- [Instructions to follow]
After dropping the pictures, give again exactly the lines of the data from its first line through the line with "Lasletrasenrelieve,corroídasporelvientoylos años, parecen", which is included as well.
[Exercise data — start]
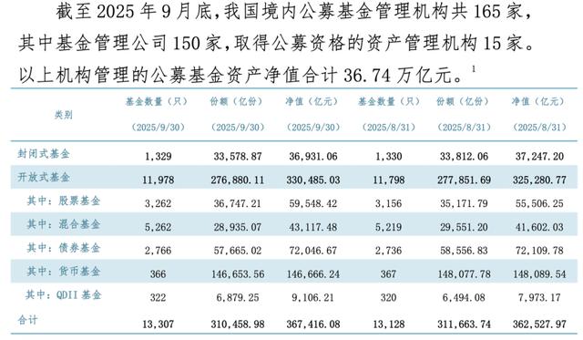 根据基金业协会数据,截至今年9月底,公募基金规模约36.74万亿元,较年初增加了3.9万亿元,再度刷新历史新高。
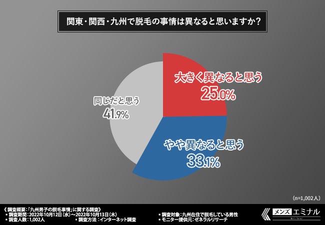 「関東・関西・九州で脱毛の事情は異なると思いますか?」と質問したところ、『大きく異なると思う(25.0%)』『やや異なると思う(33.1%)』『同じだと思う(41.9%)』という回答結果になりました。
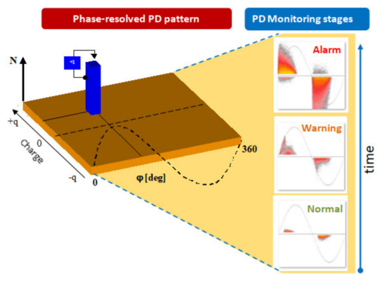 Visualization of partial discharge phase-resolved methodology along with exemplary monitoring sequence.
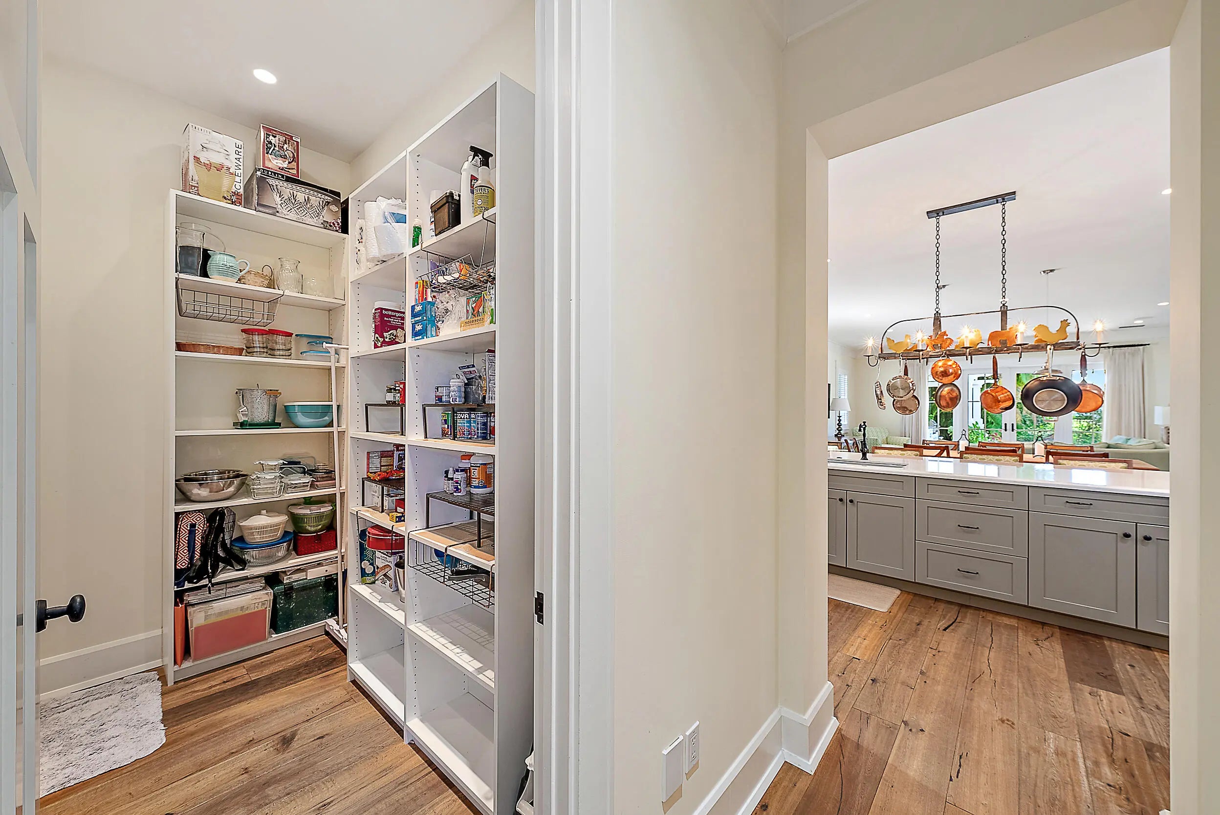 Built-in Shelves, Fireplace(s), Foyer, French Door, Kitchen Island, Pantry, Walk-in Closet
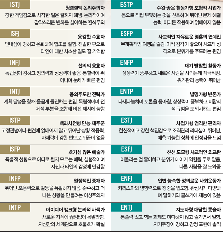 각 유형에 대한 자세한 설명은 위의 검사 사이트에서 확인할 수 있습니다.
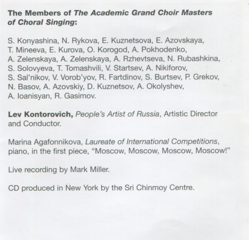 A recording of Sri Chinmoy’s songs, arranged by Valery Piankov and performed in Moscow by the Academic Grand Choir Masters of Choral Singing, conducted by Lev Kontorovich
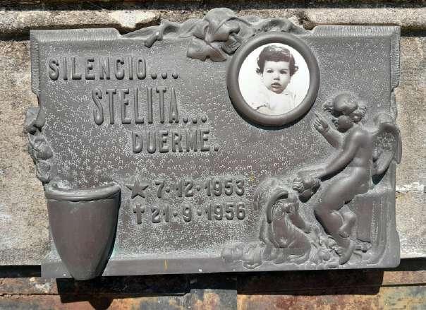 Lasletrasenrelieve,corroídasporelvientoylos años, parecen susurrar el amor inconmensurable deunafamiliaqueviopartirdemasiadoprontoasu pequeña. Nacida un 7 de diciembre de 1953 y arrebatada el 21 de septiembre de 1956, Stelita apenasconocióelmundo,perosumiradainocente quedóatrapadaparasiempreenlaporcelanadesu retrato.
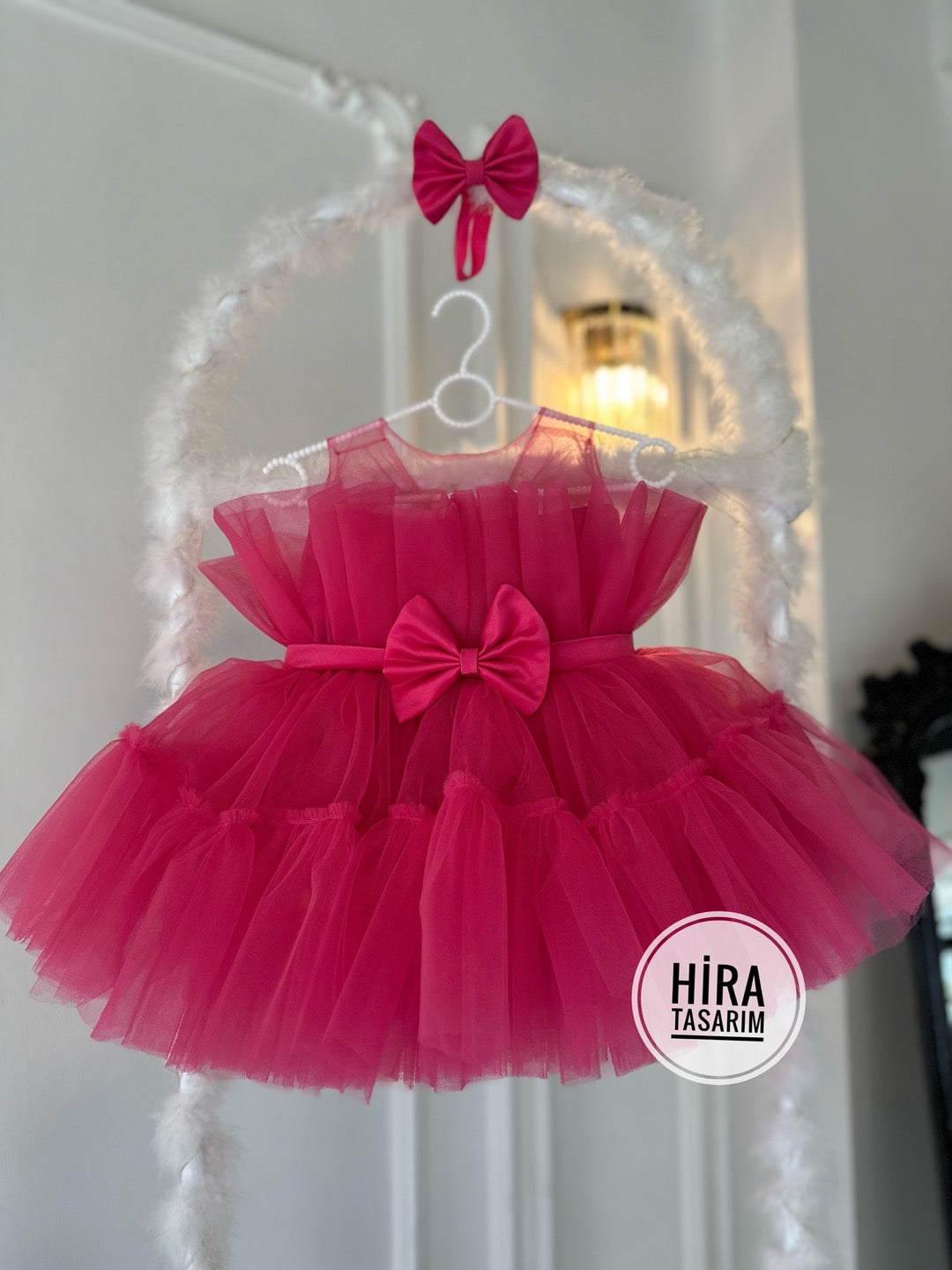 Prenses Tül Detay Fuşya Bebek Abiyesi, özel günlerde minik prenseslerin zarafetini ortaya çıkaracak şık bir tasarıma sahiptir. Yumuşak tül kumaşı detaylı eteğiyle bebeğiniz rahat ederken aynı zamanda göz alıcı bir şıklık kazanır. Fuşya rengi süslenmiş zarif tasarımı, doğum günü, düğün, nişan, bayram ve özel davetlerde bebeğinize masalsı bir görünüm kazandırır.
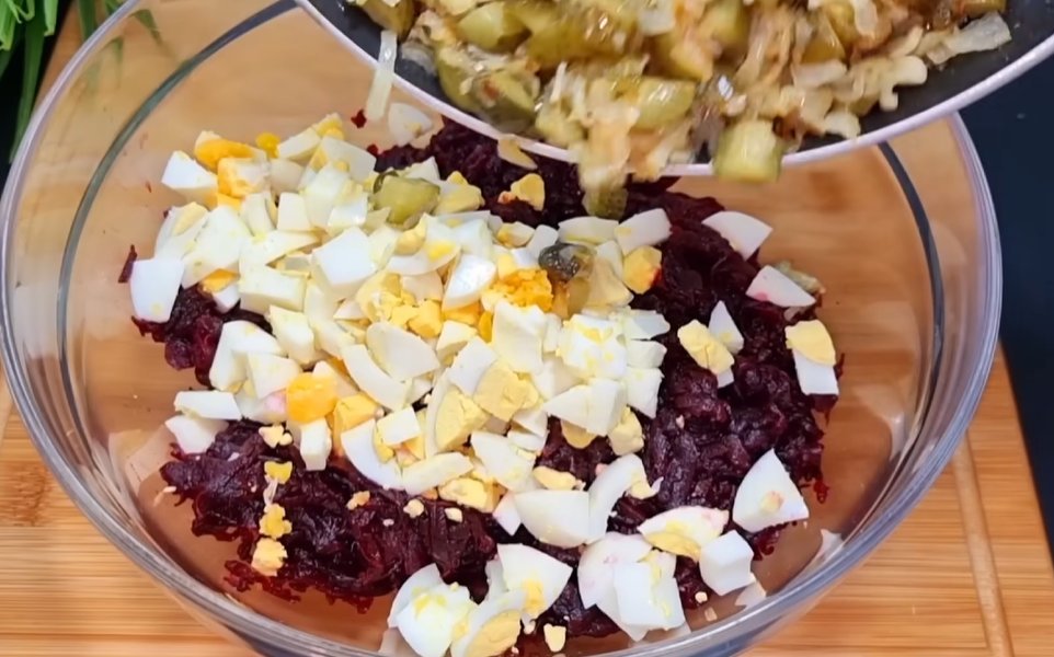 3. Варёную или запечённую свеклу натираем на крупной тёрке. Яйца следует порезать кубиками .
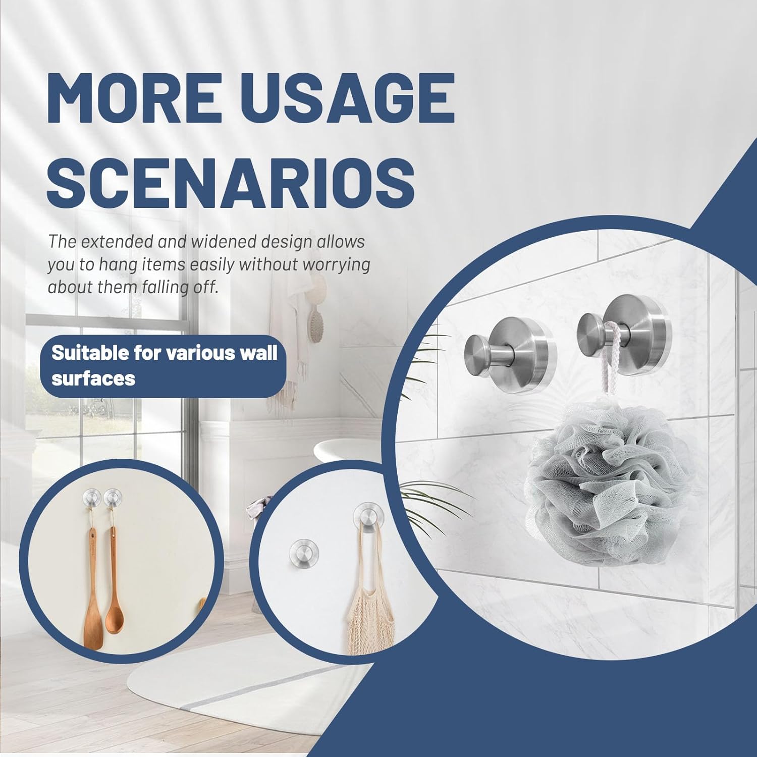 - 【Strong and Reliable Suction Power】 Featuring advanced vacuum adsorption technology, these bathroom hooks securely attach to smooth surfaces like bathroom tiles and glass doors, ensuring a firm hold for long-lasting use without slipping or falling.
[Exercise data — finish]
- [Output of the exercise]
 根据基金业协会数据,截至今年9月底,公募基金规模约36.74万亿元,较年初增加了3.9万亿元,再度刷新历史新高。
 「関東・関西・九州で脱毛の事情は異なると思いますか?」と質問したところ、『大きく異なると思う(25.0%)』『やや異なると思う(33.1%)』『同じだと思う(41.9%)』という回答結果になりました。
 Visualization of partial discharge phase-resolved methodology along with exemplary monitoring sequence.
 Built-in Shelves, Fireplace(s), Foyer, French Door, Kitchen Island, Pantry, Walk-in Closet
 각 유형에 대한 자세한 설명은 위의 검사 사이트에서 확인할 수 있습니다.
 A recording of Sri Chinmoy’s songs, arranged by Valery Piankov and performed in Moscow by the Academic Grand Choir Masters of Choral Singing, conducted by Lev Kontorovich
 Lasletrasenrelieve,corroídasporelvientoylos años, parecen susurrar el amor inconmensurable deunafamiliaqueviopartirdemasiadoprontoasu pequeña. Nacida un 7 de diciembre de 1953 y arrebatada el 21 de septiembre de 1956, Stelita apenasconocióelmundo,perosumiradainocente quedóatrapadaparasiempreenlaporcelanadesu retrato.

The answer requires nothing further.